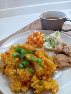 • パエリア風炊き込みご飯、ポテトサラダ、人参玉子おかか和え物、オニオンコンソメスープ、チキンソテー
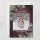 Based on my bestselling Winter Wedding Invitation Suite, this warm, cozy burgundy wood design photo Christmas Card features 'merry & bright' in hand lettered script, your favourite wedding photo, and is decorated with silver glitter snowflakes and watercolor pine branches, and a burgundy and black buffalo plaid texture. Personalize with your photo, name and year. Please contact designer for matching products, or design variations, and view the Holiday Suite here: https://www.zazzle.com/collections/rustic_burgundy_silver_winter_plaid_wood_christmas-119954909896873769 Copyright Anastasia Surridge for Elegant Invites, all rights reserved.
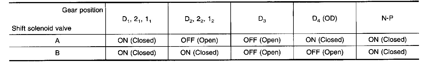The TCM activates shift solenoid valves A and B according to signals from the throttle position sensor and revolution sensor to select the optimum gear position on the basis of the shift schedule memorized in the TCM.
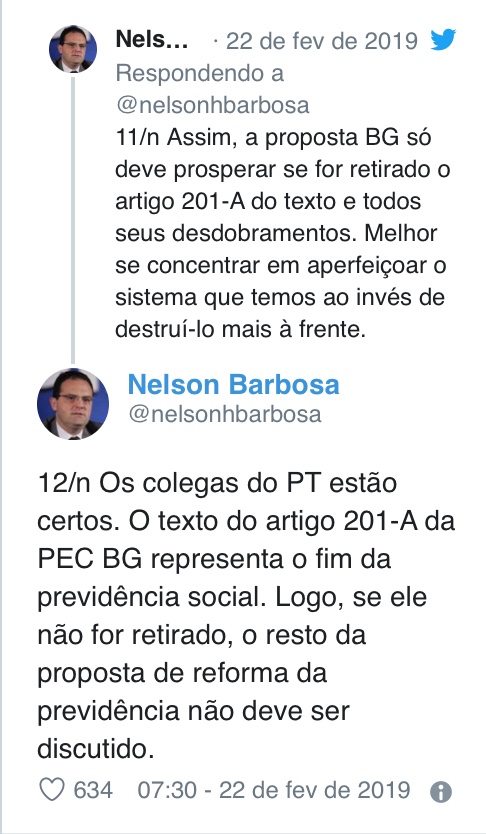 “Melhor se concentrar em aperfeiçoar o sistema que temos ao invés de destruí-lo mais à frente”. O economista, conclui que se esse dispositivo não for retirado da PEC, “o resto da proposta da reforma não deve ser discutido”. A seguir, veja a série de Tweets:
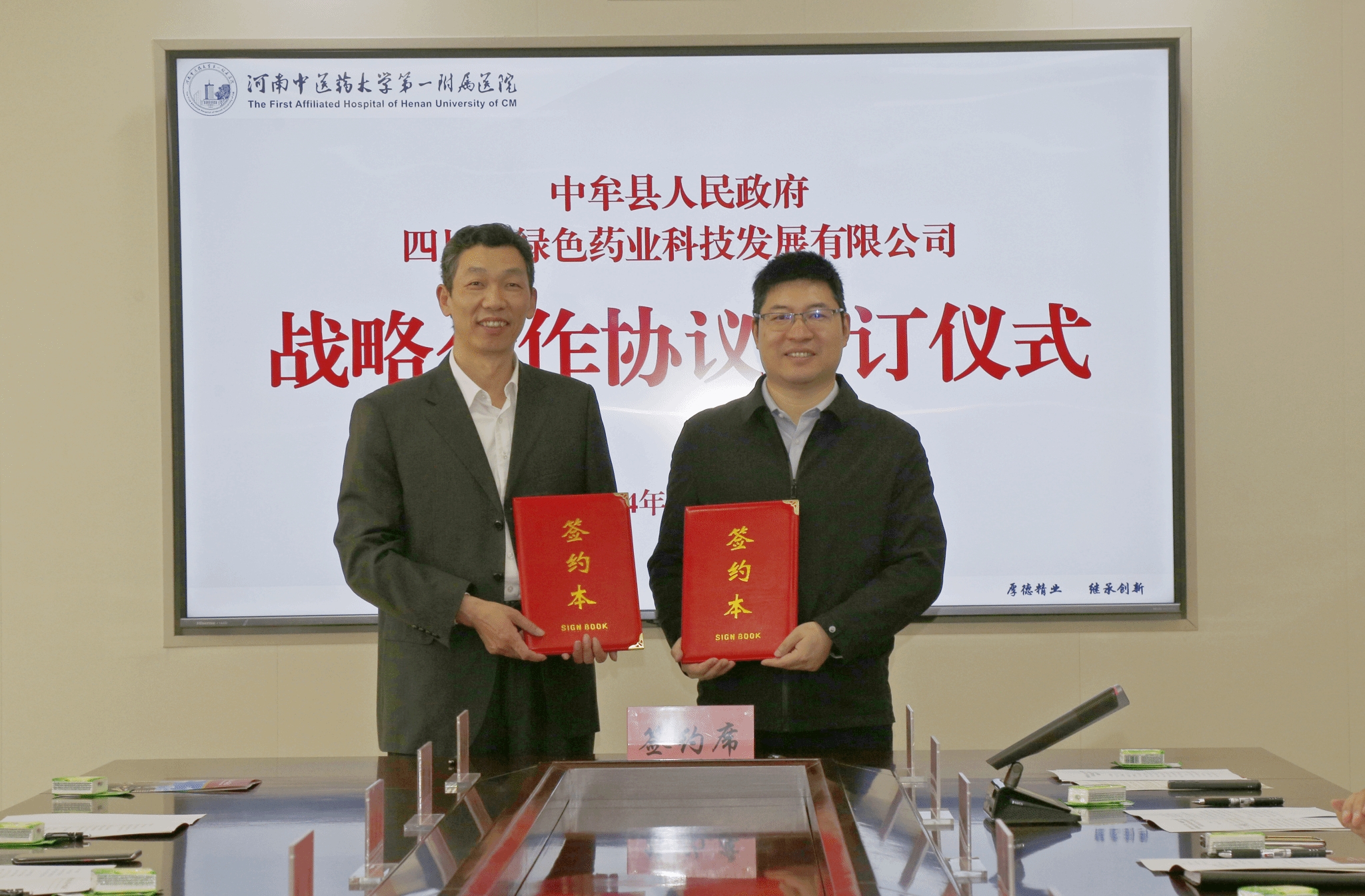 签订仪式上,leyu·乐鱼(中国)体育官方网站第一附属医院、中牟县人民政府分别与新绿色药业就中药研发、临床研究、人才培养等产学研深度融合签署战略合作协议。

——————

*AIM OF THE TASK*.
Repeat each entry exactly as it appears; skip any picture.

*TASK ANSWER*.
 • パエリア風炊き込みご飯、ポテトサラダ、人参玉子おかか和え物、オニオンコンソメスープ、チキンソテー
 Based on my bestselling Winter Wedding Invitation Suite, this warm, cozy burgundy wood design photo Christmas Card features 'merry & bright' in hand lettered script, your favourite wedding photo, and is decorated with silver glitter snowflakes and watercolor pine branches, and a burgundy and black buffalo plaid texture. Personalize with your photo, name and year. Please contact designer for matching products, or design variations, and view the Holiday Suite here: https://www.zazzle.com/collections/rustic_burgundy_silver_winter_plaid_wood_christmas-119954909896873769 Copyright Anastasia Surridge for Elegant Invites, all rights reserved.
The TCM activates shift solenoid valves A and B according to signals from the throttle position sensor and revolution sensor to select the optimum gear position on the basis of the shift schedule memorized in the TCM.
 “Melhor se concentrar em aperfeiçoar o sistema que temos ao invés de destruí-lo mais à frente”. O economista, conclui que se esse dispositivo não for retirado da PEC, “o resto da proposta da reforma não deve ser discutido”. A seguir, veja a série de Tweets:
 签订仪式上,leyu·乐鱼(中国)体育官方网站第一附属医院、中牟县人民政府分别与新绿色药业就中药研发、临床研究、人才培养等产学研深度融合签署战略合作协议。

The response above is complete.